MATERIAL PROVIDED:

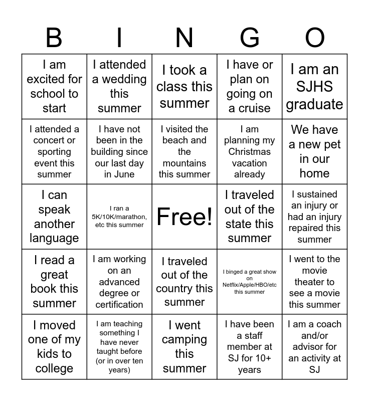 This bingo card has a free space and 29 words: I moved one of my kids to college, I did not set an alarm all summer, I ran a 5K/10K/marathon, etc this summer, I completed a major home project this summer, I am excited for school to start, I took a class this summer, I have not been in the building since our last day in June, I am working on an advanced degree or certification, I traveled out of the state this summer, I am teaching something I have never taught before (or in over ten years), I sustained an injury or had an injury repaired this summer, I am a coach and/or advisor for an activity at SJ, I went camping this summer, I have been a staff member at SJ for 10+ years, We have a new pet in our home, I spent time with my family this summer, I traveled out of the country this summer, I read a great book this summer, I am an SJHS graduate, I can speak another language, I binged a great show on Netflix/Apple/HBO/etc this summer, I have been to the pool this year, I am planning my Christmas vacation already, I attended a concert or sporting event this summer, I have or plan on going on a cruise, I attended a wedding this summer, I went to the movie theater to see a movie this summer, I visited the beach and the mountains this summer and I sold something I made this summer.
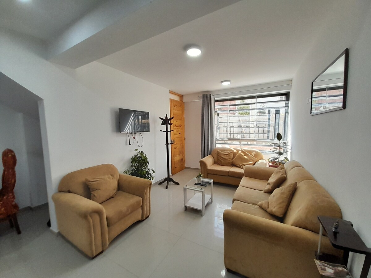 El depártamento se encuentra ubicado en el tercer piso y cuenta con sala, comedor, cocina , zona de entretenimiento y lavanderia y cuenta con 2 dormitorios, todo el departamento tiene luz natural a los dormitorios con ventanas amplias , el departamento es independiente y amoblado, el dia que arrivan a cusco les recojemos del aeropuerto o terminal terrestre para trasladarlos y darles las llaves . pueden hacer uso de la terraza que tiene una linda vista de la ciudad.
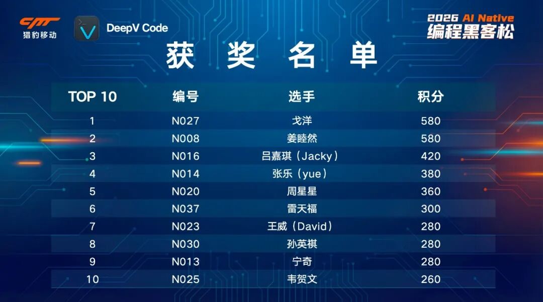 这群AI Coding“驾驶技术”超群的参赛者们,究竟会谁会在有限5个小时间内脱颖而出?先来看获奖完整名单。
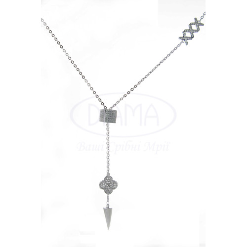 Срібне кольє з білим цирконом.. Срібло 925 проби, покрите родієм.
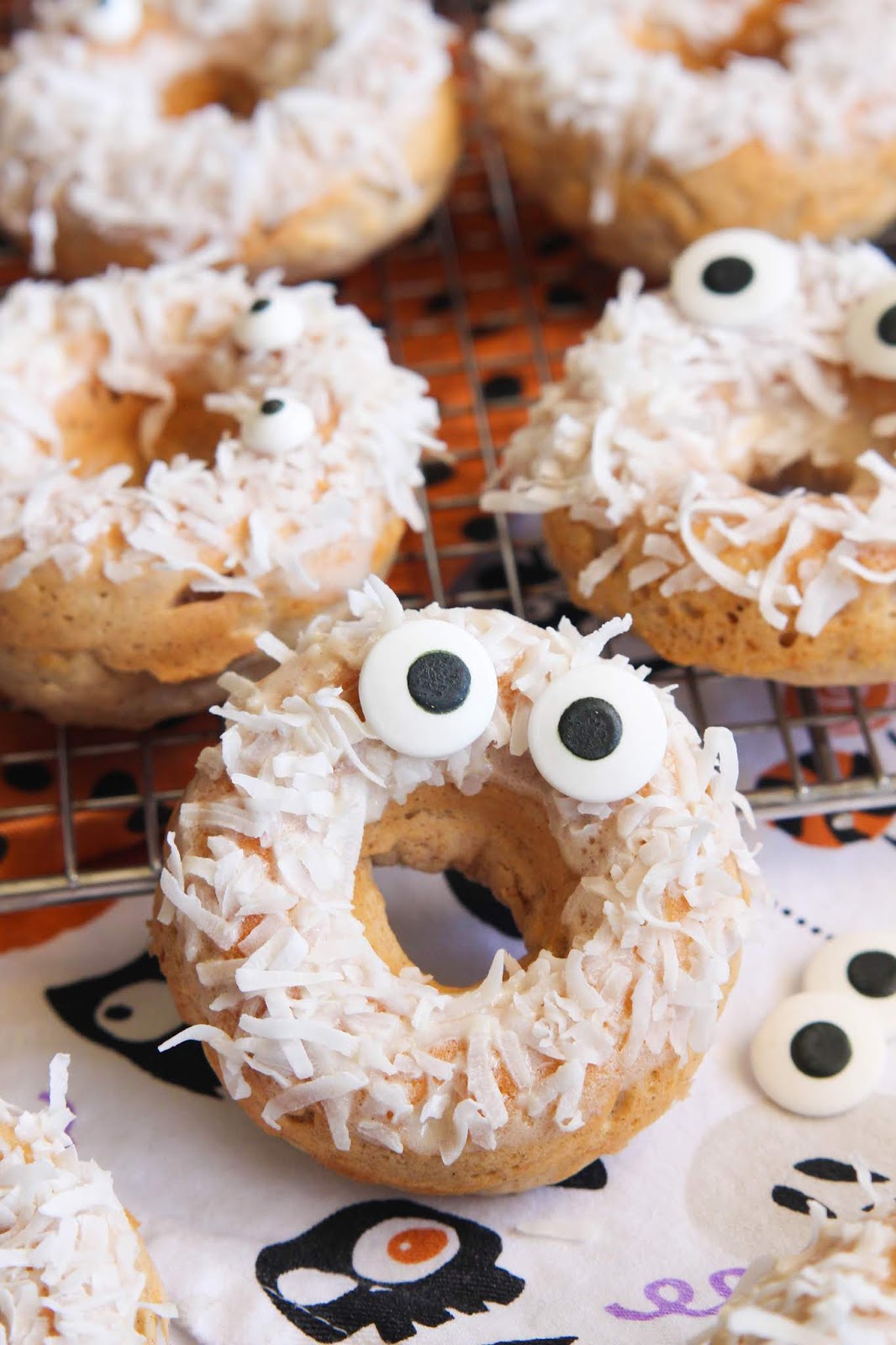 For the glaze: In a small bowl, whisk together Monk Fruit In The Raw, cornstarch, milk and vanilla. Place coconut in a separate bowl or plate. Dip one side of each donut into the glaze and then in the coconut. Place two googly eyes or chocolate chips onto each donut and allow to dry on a rack. Makes 12 donuts.
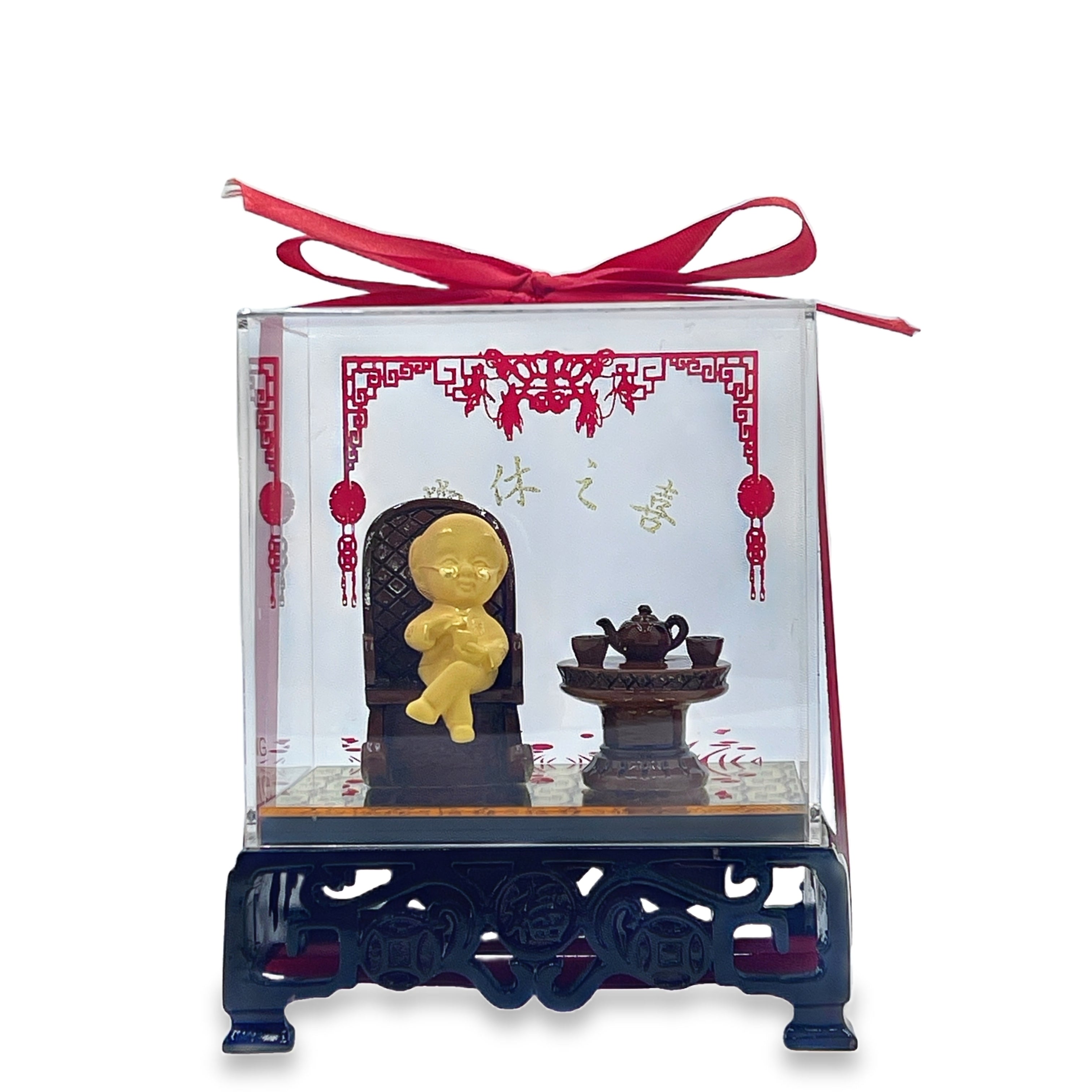 此精美擺件呈現了一位老者安坐於椅上的悠閒場景,搭配精緻茶具,營造出寧靜祥和的氛圍。透明外盒繫有紅色絲帶,更添一份喜慶與祝福,適合擺放於家中或辦公室,增添文化氣息

TASK: Every word of the material, and none of its pictures, should be set down again.

THE COMPLETED TASK:
 This bingo card has a free space and 29 words: I moved one of my kids to college, I did not set an alarm all summer, I ran a 5K/10K/marathon, etc this summer, I completed a major home project this summer, I am excited for school to start, I took a class this summer, I have not been in the building since our last day in June, I am working on an advanced degree or certification, I traveled out of the state this summer, I am teaching something I have never taught before (or in over ten years), I sustained an injury or had an injury repaired this summer, I am a coach and/or advisor for an activity at SJ, I went camping this summer, I have been a staff member at SJ for 10+ years, We have a new pet in our home, I spent time with my family this summer, I traveled out of the country this summer, I read a great book this summer, I am an SJHS graduate, I can speak another language, I binged a great show on Netflix/Apple/HBO/etc this summer, I have been to the pool this year, I am planning my Christmas vacation already, I attended a concert or sporting event this summer, I have or plan on going on a cruise, I attended a wedding this summer, I went to the movie theater to see a movie this summer, I visited the beach and the mountains this summer and I sold something I made this summer.
 El depártamento se encuentra ubicado en el tercer piso y cuenta con sala, comedor, cocina , zona de entretenimiento y lavanderia y cuenta con 2 dormitorios, todo el departamento tiene luz natural a los dormitorios con ventanas amplias , el departamento es independiente y amoblado, el dia que arrivan a cusco les recojemos del aeropuerto o terminal terrestre para trasladarlos y darles las llaves . pueden hacer uso de la terraza que tiene una linda vista de la ciudad.
 这群AI Coding“驾驶技术”超群的参赛者们,究竟会谁会在有限5个小时间内脱颖而出?先来看获奖完整名单。
 Срібне кольє з білим цирконом.. Срібло 925 проби, покрите родієм.
 For the glaze: In a small bowl, whisk together Monk Fruit In The Raw, cornstarch, milk and vanilla. Place coconut in a separate bowl or plate. Dip one side of each donut into the glaze and then in the coconut. Place two googly eyes or chocolate chips onto each donut and allow to dry on a rack. Makes 12 donuts.
 此精美擺件呈現了一位老者安坐於椅上的悠閒場景,搭配精緻茶具,營造出寧靜祥和的氛圍。透明外盒繫有紅色絲帶,更添一份喜慶與祝福,適合擺放於家中或辦公室,增添文化氣息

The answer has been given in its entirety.